We next wondered whether fatty acid ligands could induce TLX to switch from corepressor to coactivator binding. TLX interacts with nuclear receptor coactivators such as NCOA1, NCOA2, and NCOA3 (SRC1–3) (36). To examine whether oleic acid-bound TLX could recruit NCOA1, we again used the ALPHA screen, placing a tagged NCOA1-II coactivator peptide containing the canonical LXXLL nuclear receptor interaction motif and the TLX ligand-binding domain on donor and acceptor beads, respectively. In the absence of fatty acids or in the presence of only saturated or polyunsaturated fatty acids, there was no interaction between the NCOA1-II peptide and the TLX ligand-binding domain, but 18:1ω9 markedly increased the ALPHA signal (Fig. 2), indicating that the NCOA1-II peptide interacted with the TLX ligand-binding domain. As with disruption of the TLX–corepressor interaction, dose-dependent enhancement of the TLX–coactivator interaction was specific to 18:1ω9 and not trans18:1ω9 (Fig. 2), confirming stereospecificity of fatty acid binding and coactivator recruitment, although saturable coactivator peptide binding was not observed under these conditions (Fig. 2). To then determine the affinity of coactivator binding, we performed competition experiments and found that, in the presence of saturating 18:1ω9, TLX recruited both the NCOA1-II peptide and a receptor-interaction domain from NCOA3, with EC50 values of 5.6 µM () and 3.3 µM (), respectively. A TLX-based homogeneous time-resolved fluorescence assay independently verified ligand-dependent coactivator recruitment and the specificity of cis/trans 18:1ω9 recognition (Fig. 2). These data strongly indicate that oleic acid binding to TLX ligand-binding domain determines whether TLX functions as a transcriptional repressor or an activator.

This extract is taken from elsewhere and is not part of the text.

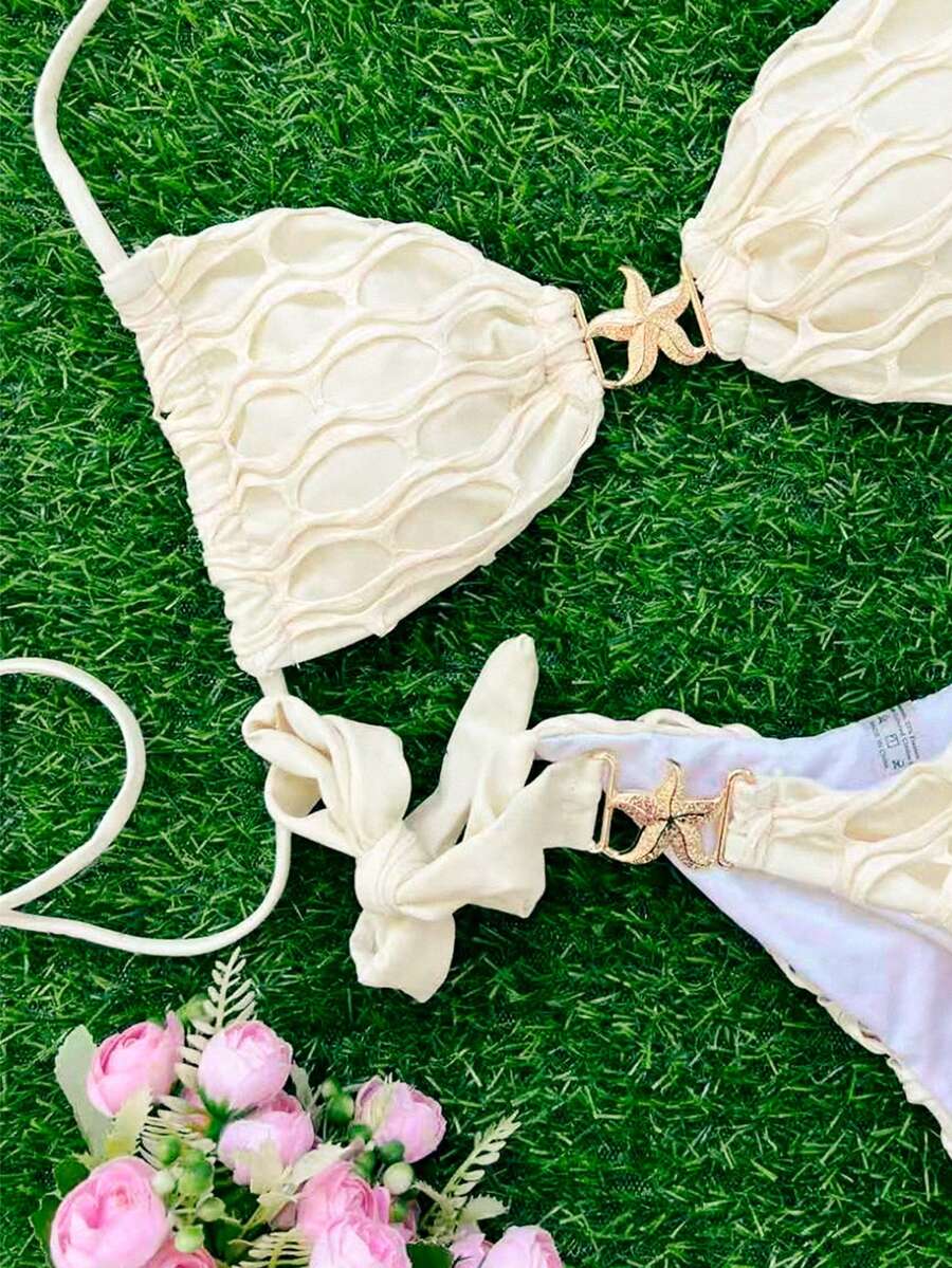 طقم نسائي صيفي 2 قطعة من Elenzga – توب هالتر بدون ظهر وبكيني جانبي مزين
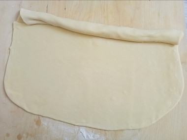 Сверните тесто в рулет. Нарежьте рулет на кусочки длиной около 5см.

To examine the effect of 18:1ω9 on TLX-mediated transcription, we built a dual luciferase transcriptional reporter system with a previously reported TLX-binding response element (37). We cotransfected a TLX expression vector or empty vector control with the reporter plasmids in HeLa cells grown in media with charcoal-stripped fetal bovine serum. This delipidated serum is expected to minimize exogenous fatty acids and other nonpolar molecules but not endogenous fatty acids produced by lipogenesis. Luciferase expression was modestly reduced in TLX-expressing cells compared to cotransfection with the empty TLX expression vector (Fig. 3), confirming the repressive function of TLX at baseline. We also confirmed the predicted 18:1ω9 agonist activity by the expected dose-dependent increase in luciferase expression (Fig. 3, Left). This effect was not seen with trans18:1ω9 (Fig. 3, Right; ). These responses were modest, perhaps due to the presence of endogenous 18:1ω9, but verify that the stereospecific recognition of the cis form of 18:1ω9 is retained in living cells and that 18:1ω9 binding promotes TLX-mediated transcriptional activation of TLX-dependent genes.

Fig. 3.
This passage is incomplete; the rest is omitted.